Two is better than one dead locks for wooden doors
Characteristically a night latch is a passive form of locking a door, It is only meant to act as keeping the door closed and to stop people just walking in, admit tingly manufactures Like Yale, Union Era and many others have taken the simple night latch to extremes and this can be found in the BS 3621 Yale Night Latch.
Bringing us back to the point the problem with having a single lock on a door allows the door to twist at the top and bottom. The twisting effect can exert more force on a single point lock fitted on a door, because then the force can be exerted slightly side ways on the bolt can make it fail prematurely.
This is why multipoint locks can have a distinct advantage over a night latch on a wooden door, as a brut force attack on a door with a multipoint lock distributes the force more evenly around the whole door and frame.

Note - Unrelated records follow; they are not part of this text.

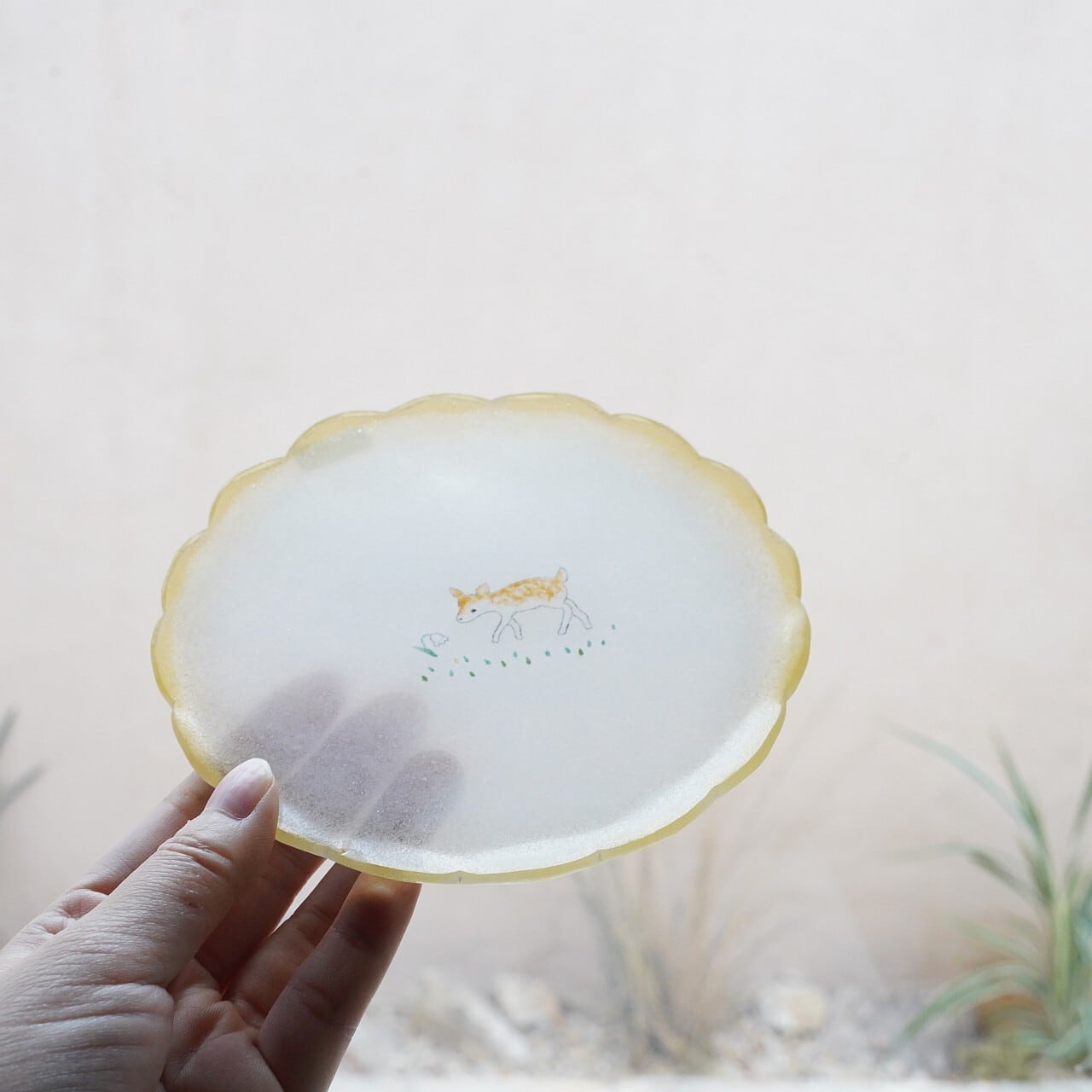 【松本みどり】花縁皿 こじかとお花 Ⅾ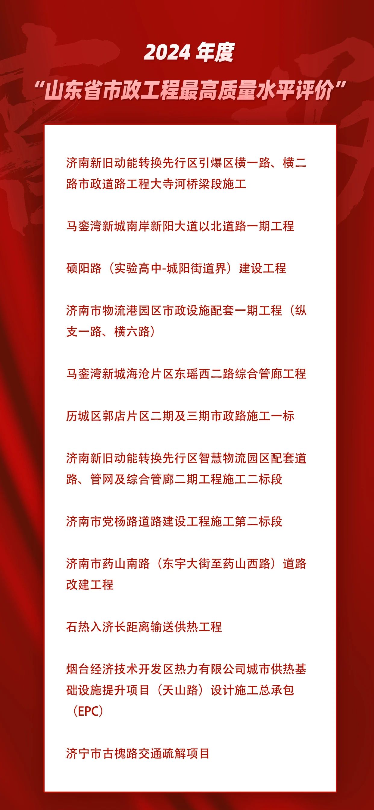 近日,山东省市政行业协会发布了《关于公布2024年度通过市政工程最高质量水平评价工程的通知》,304am永利集团及其所属子公司参与的12项工程获评2024年度山东省市政工程最高质量水平评价。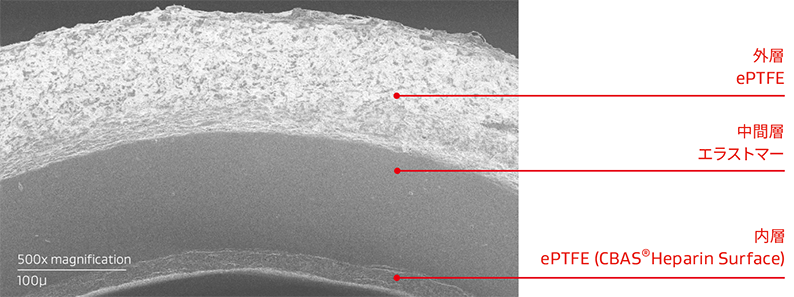 人工血管内腔のePTFE表面には、ヘパリンがエンドポイント共有結合技術によりボンディング(CBAS® Heparin Surface)されており、長期にわたる管腔内の抗血栓性が期待されます2 。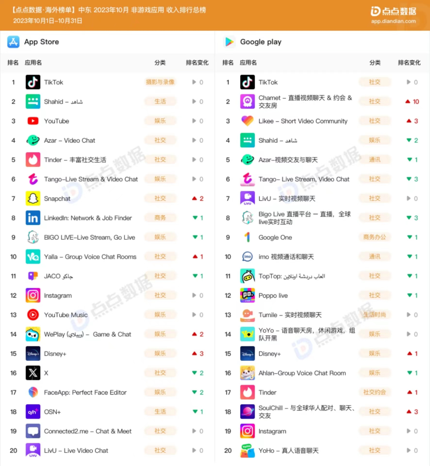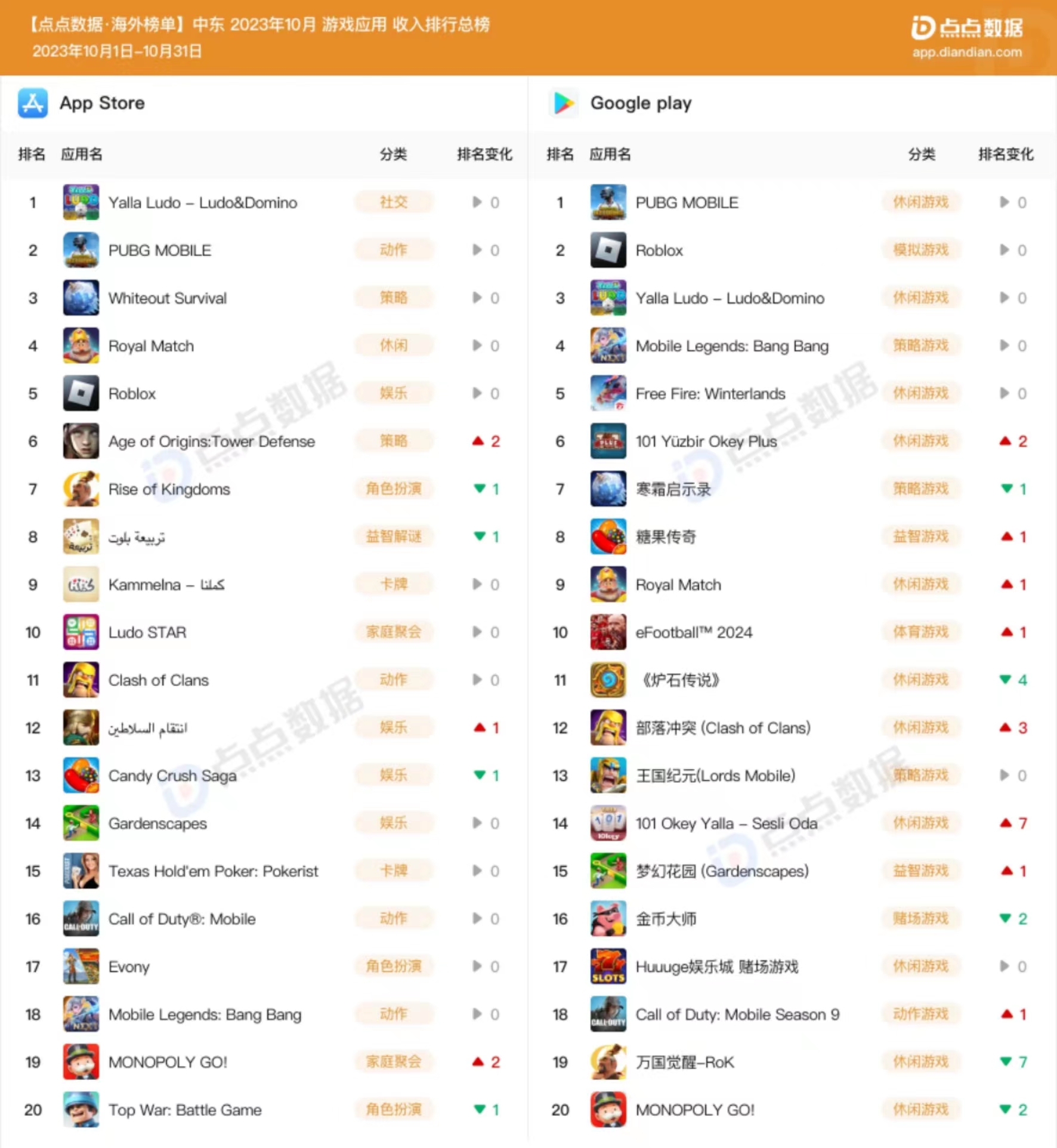 依托互联网移动应用大数据平台“点点数据”,点点出海基于中东地区 App Store 和 Google Play 两大应用市场,分别整理下载榜和收入榜 Top20 应用&游戏,希望帮助从业者更好地了解海外最新的产品趋势和变化。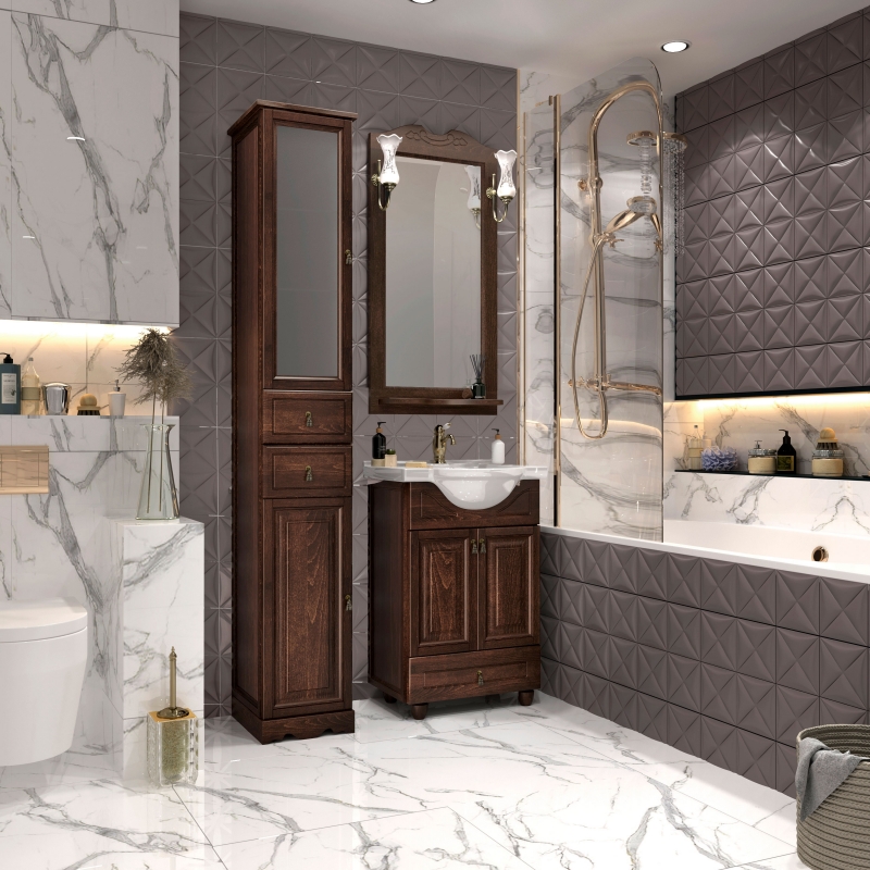 Комплект мебели для ванной Opadiris Тибет 50. Цвет: орех антикварный.

One may say, therefore, that UPVC and or composite doors has a distinct advantage over our traditional wooden doors here in the UK.
It is, however, my view that wooden doors have a whole host of advantages over other types of doors and more so if more locks are fitted as to simulate that of a multipoint lock.
We would always recommend (subject to the style of door) to have fitted two dead locks and one rim locks (if applicable) in the centre of the door. we would recommend that you split the door into thirds. Fit a dead lock one third up from the bottom and one third down from the top. Rely on the night latch in the middle.
This set up with the inherent strength of hard wood will give you security comparable to most forms of multipoint locks and in some cases far better.
To cap it off fit hinge bolts on the hinge side that are normally less than a tenner and you have a force to be reckoned with.